- Poster
- Directed by: Christopher Presswell
- Written by: Forgács W. András Christopher Presswell
- Starring: Andrew Fitch Isla Ure Nigel Thomas Tom Knight
- Cinematography: Haider Zafar
- Music by: Jonathan Armandary
- Production company: Workbus
- Distributed by: Indie Rights
- Release dates: 14 October 2014 (IndieCork Film Festival); 11 April 2015 (United States);
- Running time: 83 minutes
- Country: United Kingdom
- Language: English

= Candlestick (film) =

2014 film

Candlestick is a 2014 British film starring Andrew Fitch, Isla Ure, Nigel Thomas and Tom Knight.
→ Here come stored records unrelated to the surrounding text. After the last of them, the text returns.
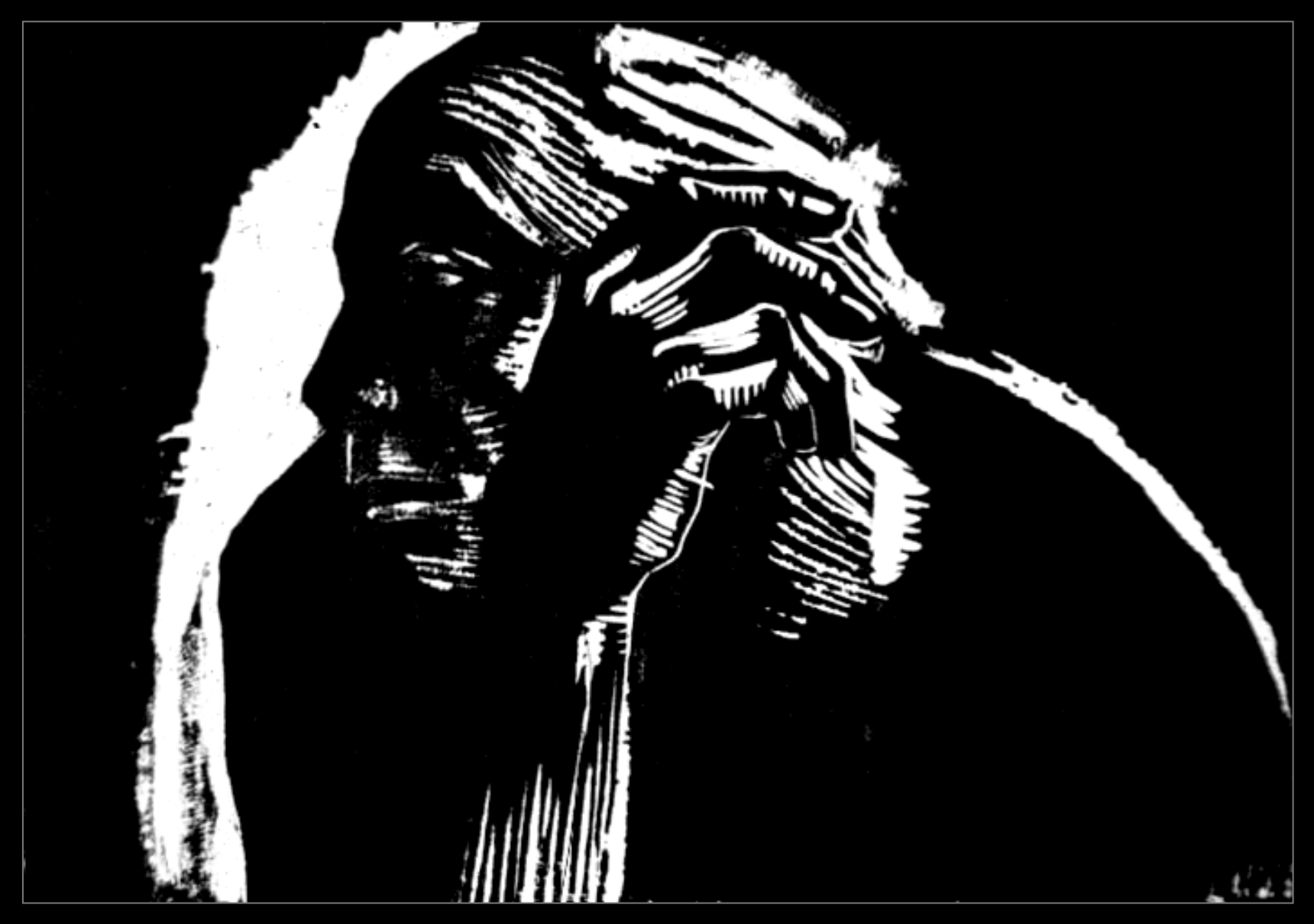
Self Portrait, 1924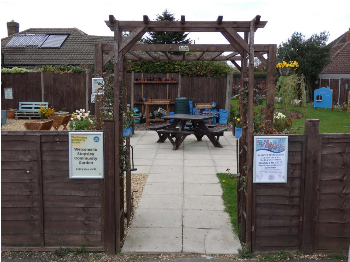
Community Garden current entrance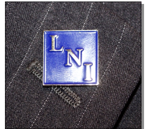
Do you know where your pin is?

Take pride in your accomplishment and help share the experience with others!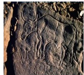
Domestic bull, Messak, Libya

Major concentrations of petroglyphs are found from the arid regions of Saudi Arabia, Nagev Desert of Israel in West Asia. In South Asia, countries like India and Pakistan are rich in rock art heritage, so much so that Bhimbetka in Madhya Pradesh (India) has been inscribed by UNESCO as a World Heritage Site. The quantity and quality of Indian rock art can vie with the art of any of the other country.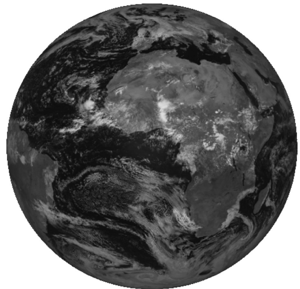
Figure 1. Example of a Meteosat SEVIRI (Spinning Enhanced Visible and InfraRed Imager) image in the visible channel, taken on September 7, 2010 at 1200 UTC. Reflectance increases from black to white.

The HelioClim (HC) project is an initiative of Mines ParisTech, the French school of engineers, and ARMINES,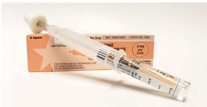
Single dose injectable Naloxone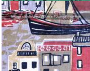
image shows area 70cm x 70cm at max size

image shows area 60cm x 60cm at max size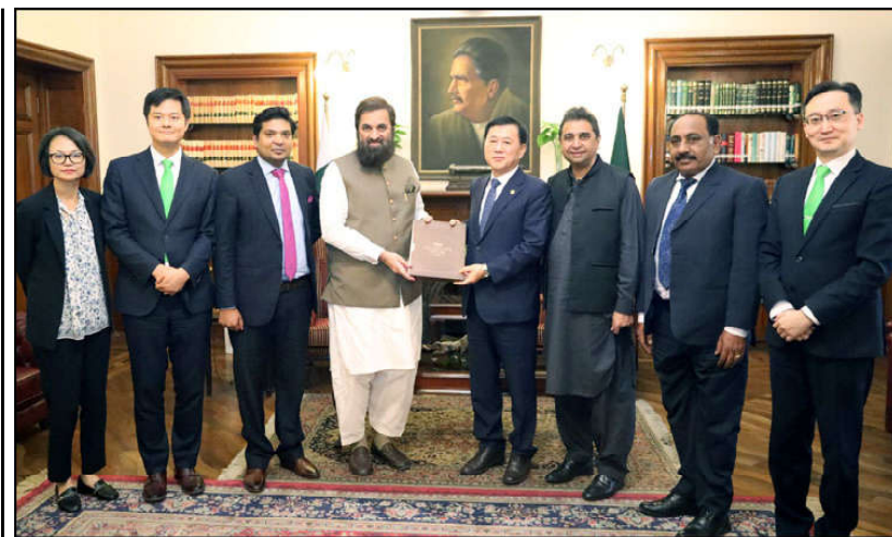
LAHORE: A delegation of an International Peace Organization, Heavenly Culture World Peace Restoration Light (HWPL) working for global peace, led by Senator Kamran Michael in a group photo with Punjab Governor, Muhammad Balighur Rehman at Governor House Lahore.

Governor Punjab said international peace organizations need to be more active and play an effective role in resolving Palestine and Kashmir issues for durable peace in the world.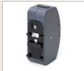
12 volt NiCd Tiffen battery with built-in meter 250-7300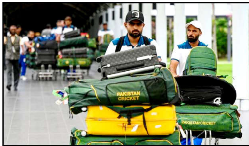
COLOMBO: Pakistan cricket team arrived in Sri Lanka to play two match Test series

Xinjiang Uygur Autonomous Region, which encompasses energy, transport and industrial cooperation. The 12th Special CPEC JCC meeting holds great significance as it not only represents a decade of fruitful collaboration but also sets the stage for the next phase of the project. The meeting aims to forge stronger ties, explore new opportunities and reinforce the foundation of the China-Pakistan Economic Corridor (CPEC), the flagship project of the Belt and Road Initiative (BRI).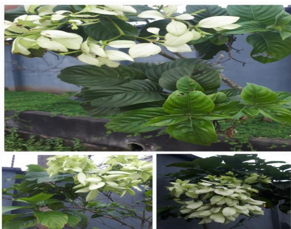
Figure 1: Mussaenda philippica in its natural habitat

Comment [DK5]: This figure is not well presented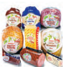
Cryovac® Grip & Tear® bags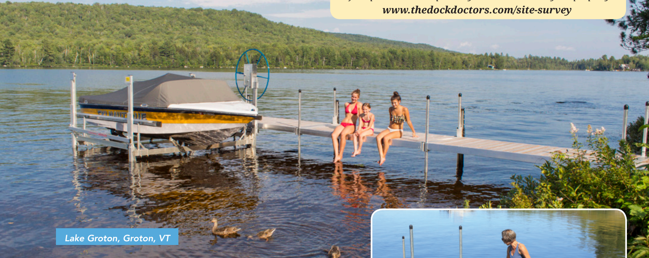
Lake Groton, Groton, VT

Complete our site survey on our website and we will send you a free quote and conceptual layout customized to your property. www.thedockdoctors.com/site-survey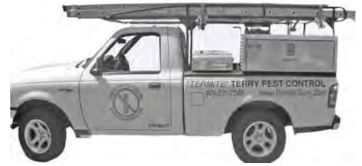
Our Pest Control Department is always ready to help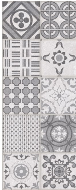
GREY PATCHWORK DECOR 20 x 50 cm (8" x 20") GE.GN.GRY.0820.MT.DC

All items shown in this document are part of Olympia's stocking program. For special orders, please contact your Olympia Tile Sales Representative.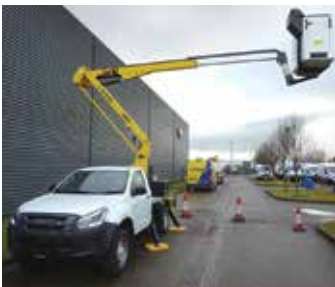
An industry leading 500kg of payload* when mounted on an Isuzu D-Max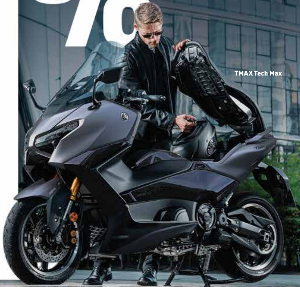
TMAX Tech Max

p.a. comparison rate finance* on selected MY26 and earlier scooters. 24 and 36 month terms.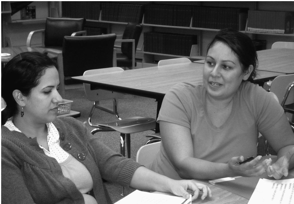
Talking about philosophies and beliefs can help faculty embrace the notion of inclusion.

Individuals with disabilities should be considered the same and have the same rights as individuals without disabilities. This means that all individuals with disabilities should have the right to participate in the same activities and routines as individuals without disabilities in their community, including having jobs and friends without disabilities. Although this idea has been supported by many advocates of individuals with disabilities, the question of how best to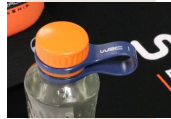
printed strap and custom colours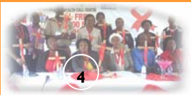
World Aids Day photo gallery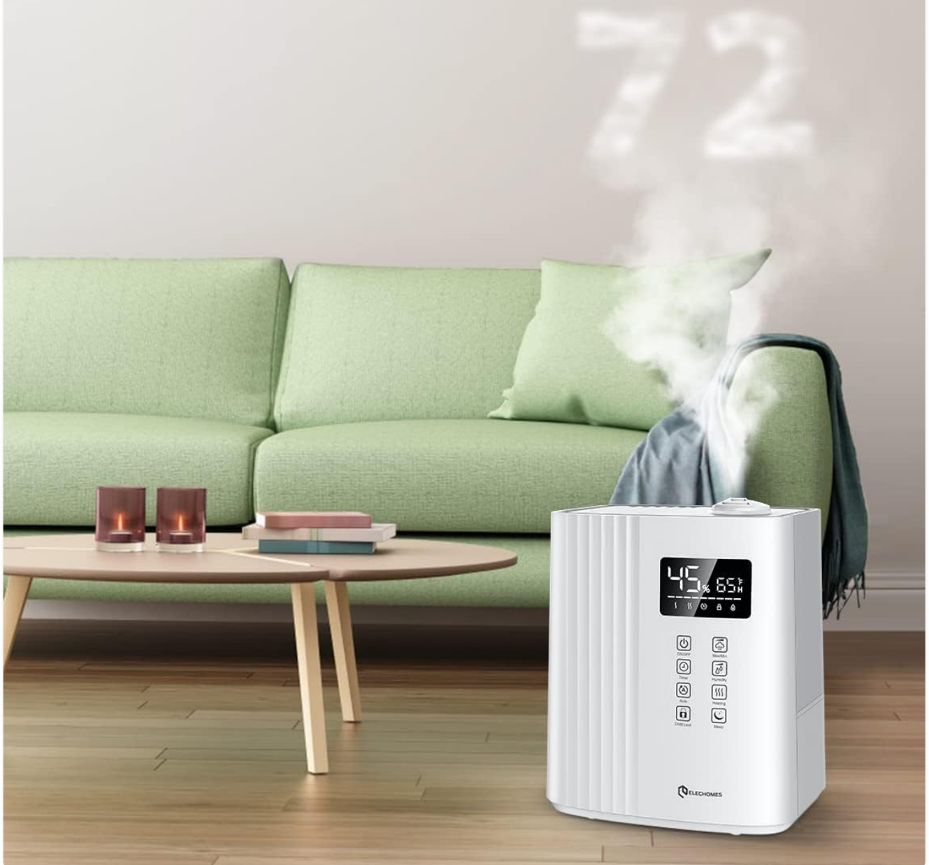
Figure 3.1: The humidifier's 6.5L capacity allows for up to 72 hours of use, and its top-fill design simplifies refilling.

Top-fill design allowing refill water without any detachment. Get rid of frequent water filling thanks to this 6.5L capacity water tank. Lasts up to 72 hours on low mist.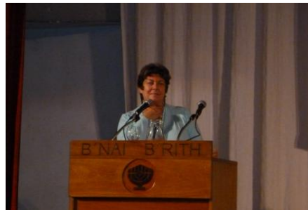
Addressing the B'nai B'rith Conference

It was directed by Christopher Presswell and was released in the United States on 11 April 2015.

==Plot==

A meeting of friends descends into a sinister game when one of them accuses the wife of his best friend of infidelity.

==Cast==
- Andrew Fitch as Jack
- Isla Ure as Vera
- Nigel Thomas as Frank
- Tom Knight as Major Burns
- Dan March as Inspector Marcus Evans

==Production==
The film was shot in London during November 2012. Presswell has cited the work of Alfred Hitchcock, particularly Rope and Dial M for Murder, as an influence on the film.

==Release==
Candlestick made its UK debut on 8 October 2014 at the Aberdeen Film Festival, with further festival screenings at IndieCork, South African Horrorfest and the Bratislava International Film Festival.

In November 2014, Candlestick opened the 30 Dies Fantastic Film Festival in Andorra, and was among the first non-Chinese-language films shown at the Europe China Image Film Festival.

In January 2015 the company announced that the film would open in the United States on 11 April of that year, and be released on VOD, DVD and Blu-ray.

==Reception==
Following the film's Irish première, NextProjection called the film a "juicy jaunt of a tale," and said that "like a Raymond Chandler 'cannibalisation', Candlestick may feed off the familiar, but it's the sport with which it spits it back out that makes it feel so fresh".

The film won three awards at the 30 Dies Fantastic Film Festival, Andorra: best screenplay (Forgács W. András and Christopher Presswell); best original score (Jonathan Armandary); and best actor, shared by Andrew Fitch, Isla Ure, Nigel Thomas and Tom Knight.

The film received a mention for its screenplay at the Overlook: CinemAvvenire Film Festival 2014 in Rome.

==Publicity==
On 19 November 2015 a post on titled "This is how movies are delivered to your local theater" containing pictures of the film's DCP hard drive went viral, reaching the #1 spot on Reddit, and gathering widespread social media attention.